HLB Innovation announced that its board of directors approved the resolution to issue convertible bonds on May 6, 2026. Convertible bonds are bonds that can be converted into stock upon meeting certain conditions. For companies, this is a way to raise large-scale funds immediately while reducing interest burdens compared to regular corporate bonds. The issuance conditions are: a face interest rate of 0.0%, a yield to maturity of 2.0%, with the maturity date set for May 15, 2029. The conversion price is set at 25,885 Korean won, and the payment date is scheduled for May 15, 2027.
The funds raised are intended to be used for the development of next-generation CAR-T therapies by its subsidiary Verismo Therapeutics. CAR-T is a cell therapy that uses the patient’s immune cells (T cells) to attack cancer cells. If successfully developed, it will be regarded as a high-value-added anti-cancer treatment. However, clinical trials require substantial funding and time for patient recruitment, process development, and regulatory compliance. Therefore, for biotech companies, not only their technological strength but also their ability to steadily raise funds to advance clinical trial phases often becomes an important criterion for assessing their corporate value.

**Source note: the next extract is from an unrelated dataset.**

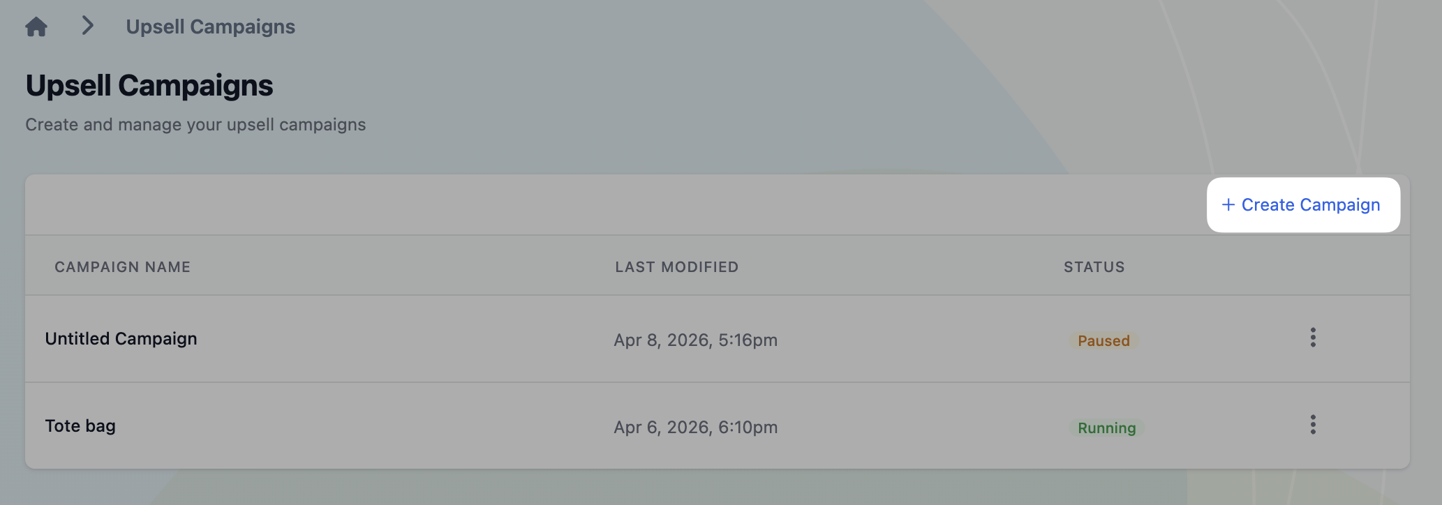 - In your Upsell Campaigns dashboard, click + Create Campaign.

What is notable in this issuance is that HLB Innovation has designed a structure that grants all investors a “call option.” Here, the “call option” refers to the issuer or designated entity’s right to buy back the related bonds under certain conditions, effectively a “redemption right.” This allows the company to retain flexibility to adjust the number of convertible bonds based on future stock price trends or financial conditions; from a market perspective, this can be seen as a mechanism aimed at managing the potential dilution of existing shareholders’ equity. Although convertible bonds offer high flexibility in fundraising, an increase in stock conversions later can lead to a higher number of shares outstanding, potentially putting pressure on existing shareholders’ value. Therefore, such conditions are considered important factors in investment decision-making.
Recently, in the biotech industry, financing methods and timing often become as critical as R&D achievements in determining corporate competitiveness. Especially in negotiations with global pharmaceutical companies, the clinical progress of candidate substances, financial strength, and development sustainability are evaluated together. HLB Innovation’s decision this time is less about ensuring simple operational funds and more about accelerating clinical development schedules and gaining negotiation leverage. This trend may lead biotech companies to combine technological development with financial strategies to gain market trust in the future.